It would be a fool’s game for Putin to test the willingness of NATO countries to defend the alliance’s eastern border. Unfortunately, as the world discovered when Russian forces advanced on Kiev in 2022, Putin is more than capable of making fools of himself.
By Gideon RACHMAN
How committed is NATO to defending the Baltic states? That was the question Vladimir Putin was indirectly asking when Russian fighter jets violated Estonian airspace last week. NATO’s public stance is clear: the 32-nation alliance will defend every inch of its territory. That commitment is on display at the Tapa military base in Estonia, near the Russian border. Tapa – which means “kill” in Estonian – was once a Soviet air base. Today it is the main base for the Estonian army and a British-led NATO battle group. Troops from the Royal Tank Regiment had just arrived when I visited Tapa last week. Together with a smaller French contingent, they have an impressive arsenal of weapons at their disposal – including Challenger 2 tanks, Archer artillery systems and Griffon armoured vehicles.
British, French and Estonian troops have an integrated command structure and would enter battle together – if a Russian invasion of Estonia ever occurred.
The soldiers at Tapa are trained to repel a full-scale Russian attack. But Western planners think it is more likely that Russia will initially act gradually – carrying out small, obscure operations to test NATO’s response and unity.
The violation of Estonian airspace last week fits into this pattern, especially when you consider that it followed a major incursion by Russian drones into Poland last week. Some of the drones were shot down by NATO aircraft, and the allies have deployed more aircraft to the eastern border. NATO will discuss this week how to respond to the violation in Estonia. Some within the alliance argue that, in the future, NATO should shoot down Russian aircraft that violate its airspace. But others, particularly in the United States, believe that this would be a dangerous escalation. Russia could gradually increase provocations to test these hidden divisions within NATO. One much-discussed scenario is an incursion by Russian ground troops into one of the Baltic states – perhaps under the pretext of protecting ethnic Russians.
The Kremlin’s ultimate goal is to show that NATO’s Article 5 mutual security guarantee is invalid. If the Russians could prove this, then they could try to take over smaller European states one by one – without having to face the combined might of NATO.

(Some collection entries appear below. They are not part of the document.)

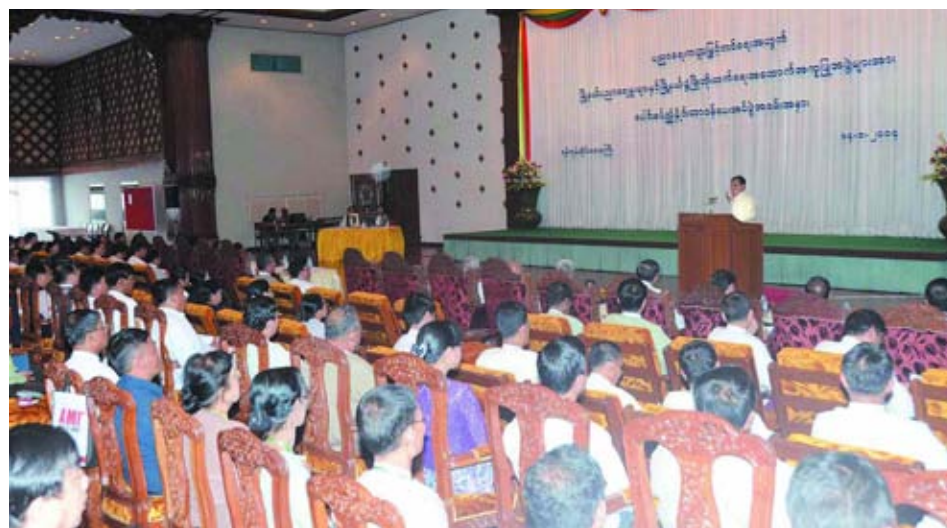
Union Minister at the President Office U Tin Naing Thein addresses coordination meeting to focus on promotion of education sector.

In his address, Union Minister at the President Office U Tin Naing Thein said nation education policies and formulation of laws are under discussion. He stressed the need to achieve increased school enrollment rate and low dropout rate, for capacity building and free secondary education, infrastructure development, mass cooperation in non-
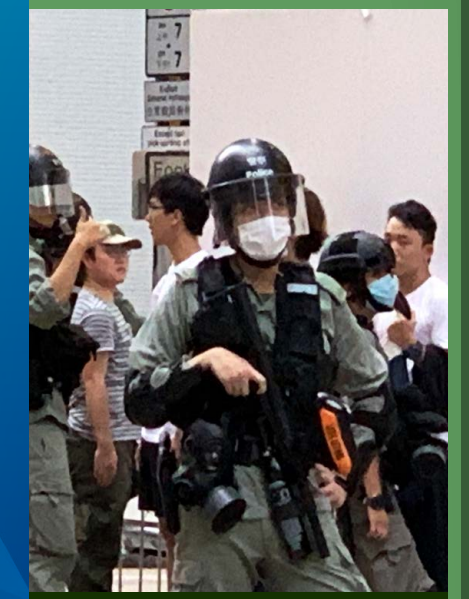
Hong Kong security forces
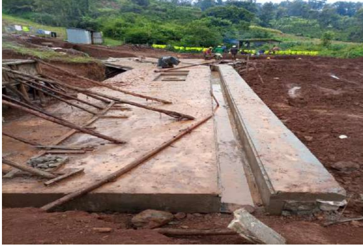
The hydrobox support slabs
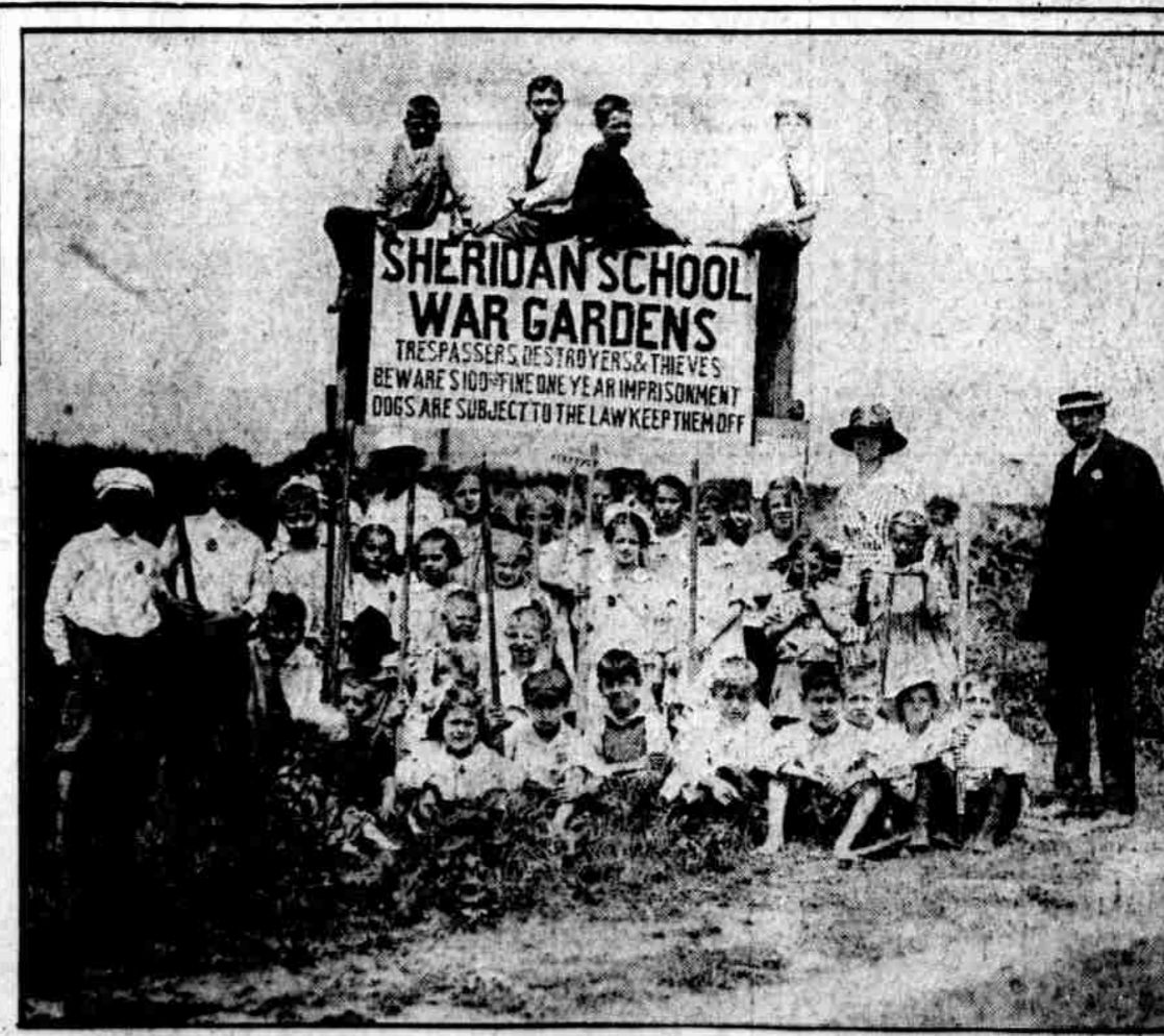
IT'S HARD TO BELIEVE THIS SPICK AND SPAN BATTALION OF SCHOOL AGRICULTURISTS can labor in the fields, yet keep so clean, but the EVENING PUBLIC LEDGER staff photographer snapped them "right on the job."
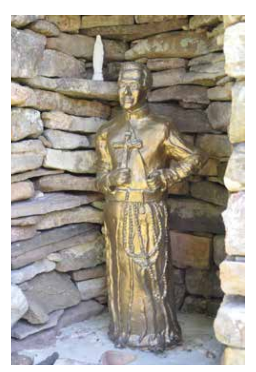
This newly installed statue of Blessed Francis Xavier Seelos is located at the Shrine of Ss. Peter and Paul in Cumberland.

The statue is made of an extremely highgrit ceramic, depicting Blessed Seelos with a slight step forward.
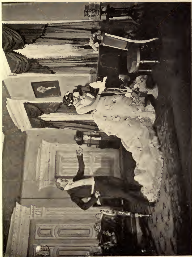
PROFESSOR BELLARTI [ softly ]. Shall I make a little speech for you, dearie, and say you thank them all, and want them to have a happy evening?
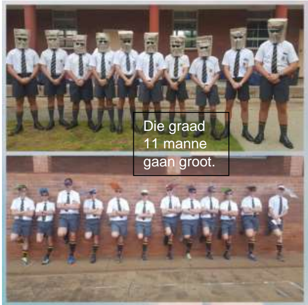
Die graad 11 manne gaan groot.
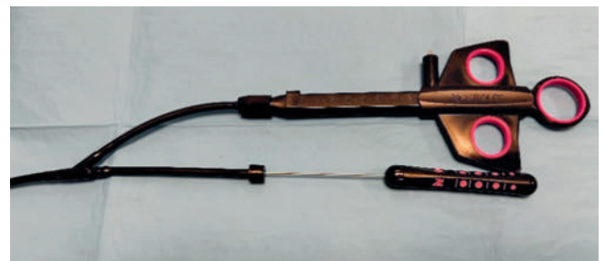
► Fig. 2 Independent handles: Three-ring hub maneuvering the loop and a stick moving handle maneuvering the basket.

Sixteen patients with WON who underwent EUS-guided drainage and DEN with Necrolit from January 2018 to August 2022 were included and data from them were analyzed (Necrolit group). These patients were compared with a control group of 16 patients who underwent EUS-guided drainage and DEN with standard, non-dedicated devices during the study period. According to international guidelines, WONs were treated in case
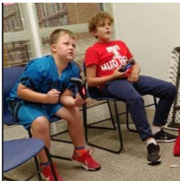
We had a PlayStation for a week, and the kids enjoyed playing games at the library.
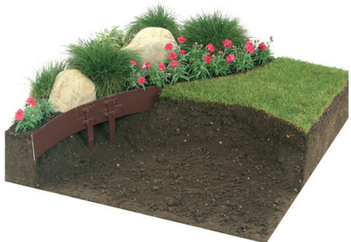
Standard soft landscape application
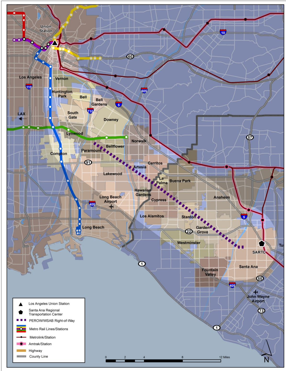
Figure 1.3 – Corridor Transportation System
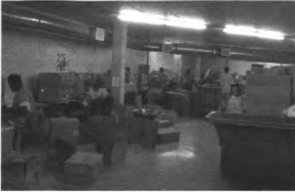
Arapahoe County used the revenues from its initial dayroom-based program to build this jail industries shop inside the jail, along with a loading dock and freight elevator.
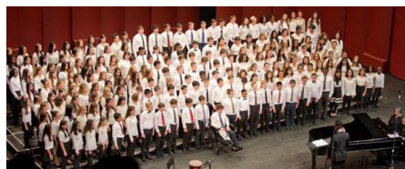
March was filled with music honors, including a record number of All-State participants
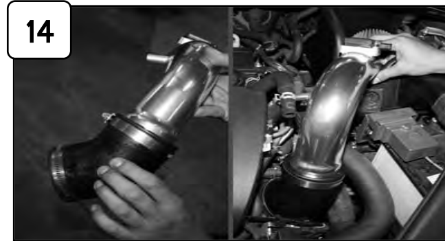
14 Attach elbow coupling with clamps to tube. Position tube to throttle body and tab on tube to isolation mount.
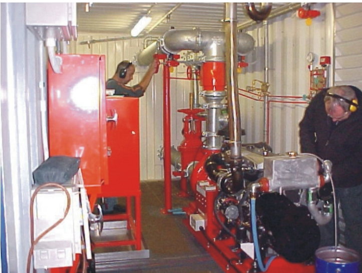
Australian engineered and manufactured packages to meet international standards.

KSB Ajax Fire Pumps are manufactured in Australia, and are available with compliance to the following local & international standards:
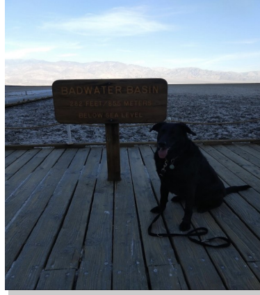
Bad Water Basin
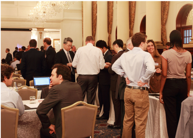
3rd Annual Africa Gas & LNG Summit, Maputo, September 2012
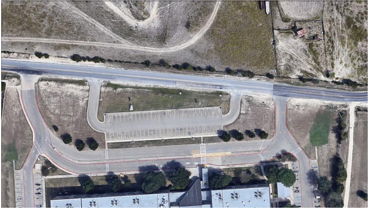
Ariel view of the front of Nolanville Elementary School
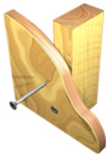
Flat Head Ribbed Coarse Thread

Certifications: All GRABBER® screw products are manufactured in facilities that are ISO 9002 and ISO 14001 certified and approved. The fasteners comply with ASME B18.6.1, as referenced in ICC ER report ER-5280, are approved for use in structures governed by the International Building Code 2006, 2009, 2012, International Residential Building Code 2006, 2009, and 2012. ©2012 GRABBER Construction Products, Inc. GRABBER®, STREAKER®, DRIVALL®, LOX®, GRABBERGARD® and SCAVENGER® are registered trademarks of Grabber Construction Products, Inc.
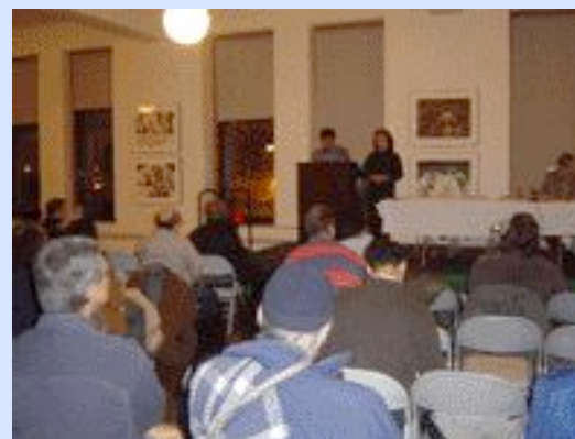
Speaking in Chicago, IL
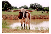
Field Of Pearls

The main question mark for Moscow is Washington’s response. The US provides about 40% of NATO’s military capabilities in Europe and some of its most advanced capabilities. There are also US troops in the Baltic states. A Himars artillery unit recently conducted exercises in Tapa, and a US tank company is expected to arrive soon. But if the Russians were ever to launch a major incursion into Estonia or another NATO country, the obvious question is: how would Donald Trump react? As former Lithuanian Foreign Minister Gabrielius Landsbergis put it last week: “If there is an incursion and an attack… what can Putin expect? The US Sixth Fleet entering the Baltics or a call to meet in Alaska?”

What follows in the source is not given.